Alberto Dedè

Alberto Dedè : StreetView L’Aquila 2011

Im April 2009 wurde die italienische Stadt L’Aquila von einem schweren Erdbeben erschüttert; Teile der Altstadt wurden vollständig zerstört. Bei Google StreetView sind auch zwei Jahre später noch die intakten Häuser und Straßen L’Aquilas zu sehen – sie wurden kurz vor dem Erdbeben aufgenommen. Alberto Dede (1971) zeigt mit „StreetView L’Aquila 2011” das Paradox dieser parallel existierenden Städte: das historische L’Aquila im Netz und das aktuelle, zerstörte in seinen Fotografien.

Alberto Dedè, Milano

Alexander Ziegler

Alexander Ziegler : Wide Island

Alexander Ziegler (1984) zeigt mit „Wide Island“ ganz unvoreingenommene und unprätentiöse Aufnahmen eines Ortes, der in unserem kollektiven Gedächtnis vor allem als Name und historisches Ereignis existiert. Auf seinen Streifzügen durch Hiroshima dokumentiert er seine Eindrücke – ohne sie zu kontextualisieren oder das gängige Bildrepertoire zu wiederholen. Und doch bleibt eine geheimnisvolle Grundstimmung spürbar.

Alexander Ziegler, Abensberg, www.alexanderziegler.com

Antonello Zappadu

Antonello Zappadu

Eine andere Seite der italienischen Medienlandschaft zeigt der Paparazzo Antonello Zappadu mit seinen Aufnahmen von Silvio Berlusconi in dessen Villa Certosa auf Sardinien. Aus großer Entfernung aufgenommen, die Gesichter unkenntlich gemacht, werden diese Bilder zu Beweisfotos für die Freizeitaktivitäten des italienischen Ministerpräsident im Kreise junger, leicht bekleideter Frauen.
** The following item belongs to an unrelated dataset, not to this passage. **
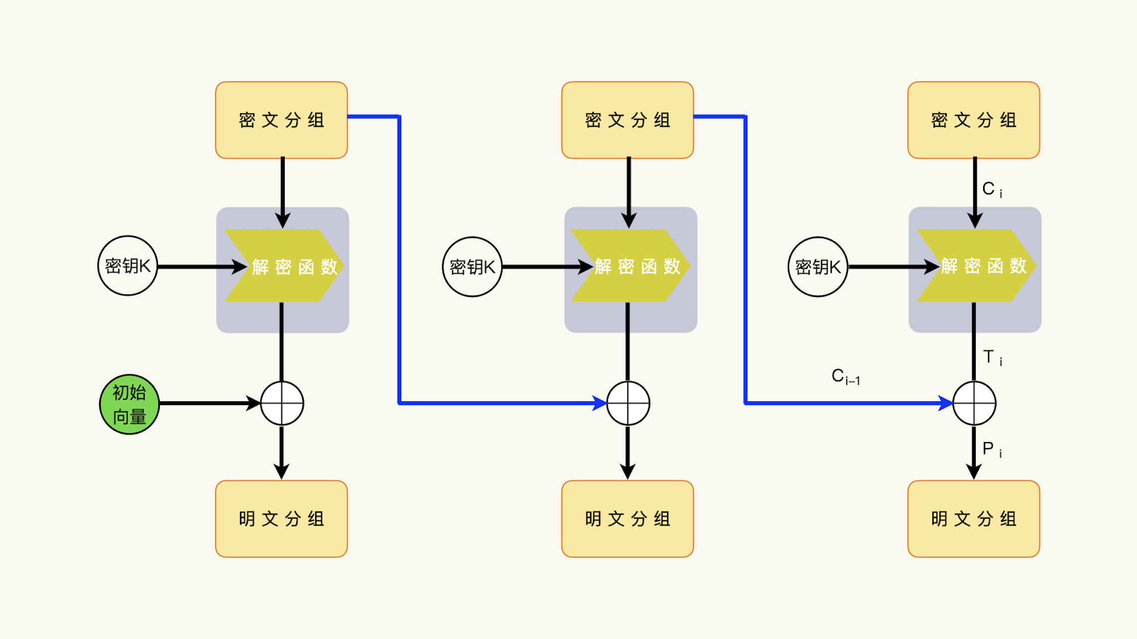 这一次的密文分组Ci和密钥K,通过解密函数的运算,可以产生一个中间结果Ti,也就是解密函数运算的中间结果Ti;然后,解密函数运算结果Ti和上一次的密文分组进行异或运算,获得明文分组Pi,Pi = Ci-1 ^ Ti。

Antonello Zappadu, Santiago de Cali, www.zappadu.com.co

Bruno Pulici

Bruno Pulici : Domestico

 Unsere Vorstellung von Normalität stellt Bruno Pullici (1981) in seiner Arbeit “Domestico” in Frage. In seinen im häuslichen Umfeld aufgenommenen Familienportraits sind einzelne Personen geistig behindert. Statt den Menschen lösen jedoch die dargestellten Situationen und die Beziehung der Personen untereinander Irritation aus und erschweren vorschnelle Kategorisierungen.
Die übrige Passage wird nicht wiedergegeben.